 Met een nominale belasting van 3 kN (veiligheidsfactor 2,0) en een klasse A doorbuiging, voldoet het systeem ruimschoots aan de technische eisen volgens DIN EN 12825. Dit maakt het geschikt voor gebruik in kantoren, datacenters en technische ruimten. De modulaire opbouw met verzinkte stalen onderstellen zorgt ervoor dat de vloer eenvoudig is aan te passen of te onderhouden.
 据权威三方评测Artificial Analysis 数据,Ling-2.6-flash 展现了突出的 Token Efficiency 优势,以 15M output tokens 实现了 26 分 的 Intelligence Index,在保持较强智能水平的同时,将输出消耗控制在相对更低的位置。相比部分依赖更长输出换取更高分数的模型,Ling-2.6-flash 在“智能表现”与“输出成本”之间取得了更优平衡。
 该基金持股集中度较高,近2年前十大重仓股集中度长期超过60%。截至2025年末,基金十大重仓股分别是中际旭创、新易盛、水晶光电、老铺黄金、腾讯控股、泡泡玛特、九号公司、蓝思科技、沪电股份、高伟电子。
--
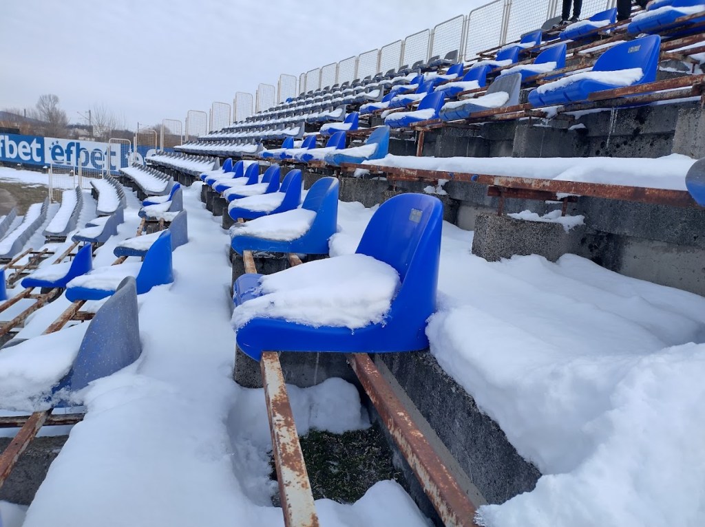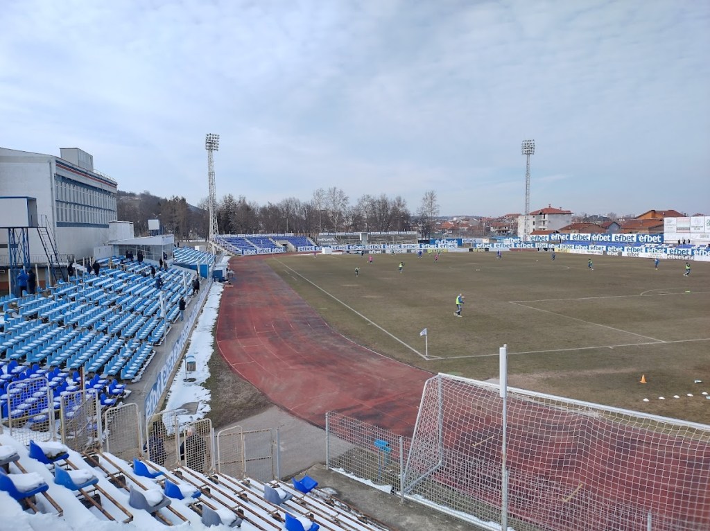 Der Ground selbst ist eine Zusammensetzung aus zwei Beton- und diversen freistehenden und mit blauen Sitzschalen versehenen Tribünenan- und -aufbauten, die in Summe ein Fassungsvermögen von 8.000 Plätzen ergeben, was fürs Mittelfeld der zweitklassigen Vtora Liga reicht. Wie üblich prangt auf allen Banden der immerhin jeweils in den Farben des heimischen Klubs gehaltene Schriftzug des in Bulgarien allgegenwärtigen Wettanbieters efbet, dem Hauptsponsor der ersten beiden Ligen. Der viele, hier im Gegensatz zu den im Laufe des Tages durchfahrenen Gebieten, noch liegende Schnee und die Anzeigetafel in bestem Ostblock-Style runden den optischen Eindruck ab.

Exercise directions. Look back at the data above. Transcribe exactly the lines starting at the line that contains "Met een nominale" and ending at the line that contains "据权威三方评测Artificial Analysis 数据,Ling-2.6-flash".

Solution to this problem.
 Met een nominale belasting van 3 kN (veiligheidsfactor 2,0) en een klasse A doorbuiging, voldoet het systeem ruimschoots aan de technische eisen volgens DIN EN 12825. Dit maakt het geschikt voor gebruik in kantoren, datacenters en technische ruimten. De modulaire opbouw met verzinkte stalen onderstellen zorgt ervoor dat de vloer eenvoudig is aan te passen of te onderhouden.
 据权威三方评测Artificial Analysis 数据,Ling-2.6-flash 展现了突出的 Token Efficiency 优势,以 15M output tokens 实现了 26 分 的 Intelligence Index,在保持较强智能水平的同时,将输出消耗控制在相对更低的位置。相比部分依赖更长输出换取更高分数的模型,Ling-2.6-flash 在“智能表现”与“输出成本”之间取得了更优平衡。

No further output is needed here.